In the material below, find the line with "Figure 9c shows" and the line with "为扎实做好学院心理健康教育工", then output those two lines and every line between them, exactly.
[[ DATA PROVIDED, beginning ]]
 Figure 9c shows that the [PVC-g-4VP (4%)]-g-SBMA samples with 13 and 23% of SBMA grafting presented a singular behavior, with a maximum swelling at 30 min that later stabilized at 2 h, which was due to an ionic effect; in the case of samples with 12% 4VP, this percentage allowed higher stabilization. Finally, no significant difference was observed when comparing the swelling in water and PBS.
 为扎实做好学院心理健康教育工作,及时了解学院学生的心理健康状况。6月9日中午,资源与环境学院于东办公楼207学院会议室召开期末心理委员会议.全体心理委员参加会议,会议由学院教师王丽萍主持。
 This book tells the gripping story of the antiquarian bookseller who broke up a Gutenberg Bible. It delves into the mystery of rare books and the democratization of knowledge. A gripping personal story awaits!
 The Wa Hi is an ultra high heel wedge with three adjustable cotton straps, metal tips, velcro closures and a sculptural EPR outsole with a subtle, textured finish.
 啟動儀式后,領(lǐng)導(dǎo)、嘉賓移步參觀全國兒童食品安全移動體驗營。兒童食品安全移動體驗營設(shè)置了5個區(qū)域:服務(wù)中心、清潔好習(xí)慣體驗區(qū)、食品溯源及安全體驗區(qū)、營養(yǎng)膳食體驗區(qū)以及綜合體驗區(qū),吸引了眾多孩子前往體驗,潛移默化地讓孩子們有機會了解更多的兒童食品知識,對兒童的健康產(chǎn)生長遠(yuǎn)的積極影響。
[[ DATA PROVIDED, end ]]
[[ DATA PROVIDED, beginning ]]
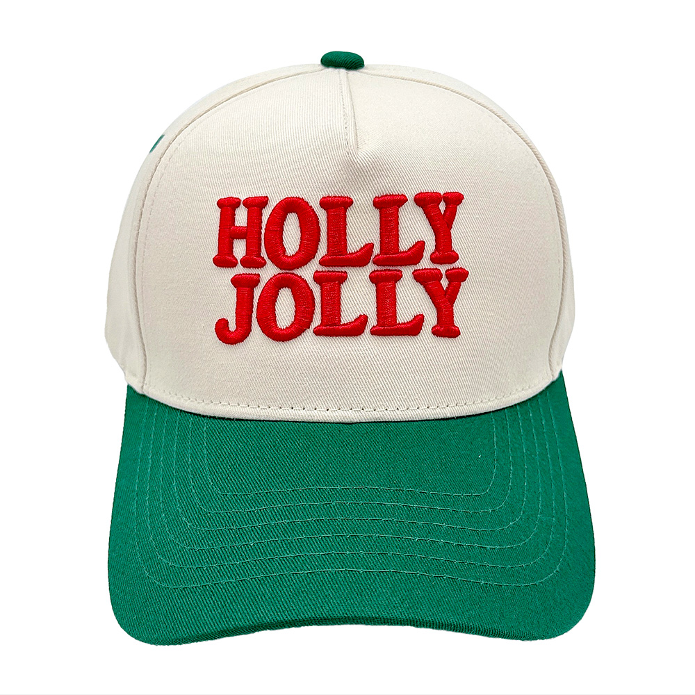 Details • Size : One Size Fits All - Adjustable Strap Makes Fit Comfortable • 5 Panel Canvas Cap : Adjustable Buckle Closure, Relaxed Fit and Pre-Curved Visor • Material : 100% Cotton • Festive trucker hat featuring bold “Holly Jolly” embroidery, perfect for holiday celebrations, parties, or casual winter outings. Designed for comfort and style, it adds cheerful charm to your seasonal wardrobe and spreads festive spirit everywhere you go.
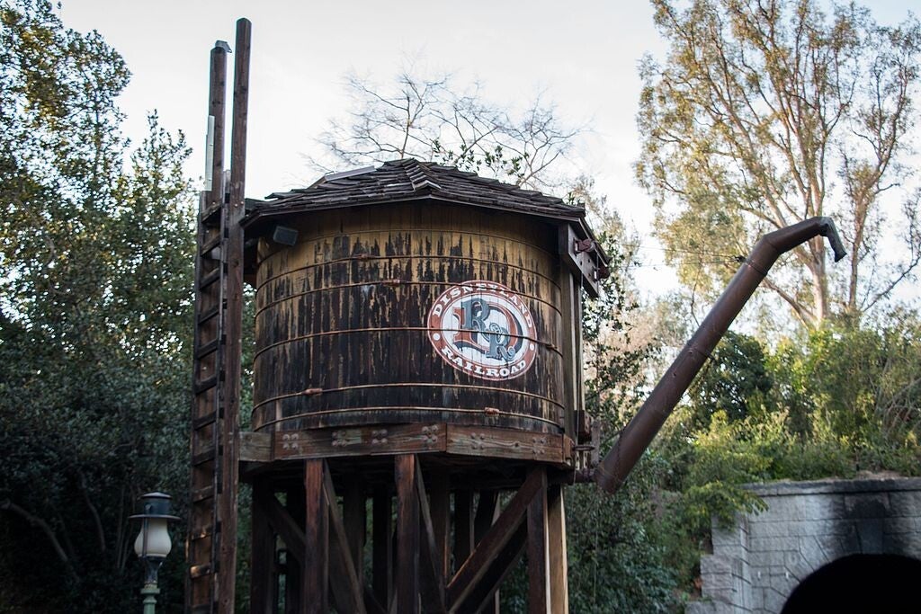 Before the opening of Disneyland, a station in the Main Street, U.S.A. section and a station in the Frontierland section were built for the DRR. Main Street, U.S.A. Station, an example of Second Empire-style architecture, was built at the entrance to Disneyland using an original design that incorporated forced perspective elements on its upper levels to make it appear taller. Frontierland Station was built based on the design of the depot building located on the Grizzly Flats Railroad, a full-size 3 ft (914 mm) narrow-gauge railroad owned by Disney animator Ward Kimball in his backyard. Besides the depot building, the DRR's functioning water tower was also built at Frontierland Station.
[[ DATA PROVIDED, end ]]
=== TASK OUTPUT ===
 Figure 9c shows that the [PVC-g-4VP (4%)]-g-SBMA samples with 13 and 23% of SBMA grafting presented a singular behavior, with a maximum swelling at 30 min that later stabilized at 2 h, which was due to an ionic effect; in the case of samples with 12% 4VP, this percentage allowed higher stabilization. Finally, no significant difference was observed when comparing the swelling in water and PBS.
 为扎实做好学院心理健康教育工作,及时了解学院学生的心理健康状况。6月9日中午,资源与环境学院于东办公楼207学院会议室召开期末心理委员会议.全体心理委员参加会议,会议由学院教师王丽萍主持。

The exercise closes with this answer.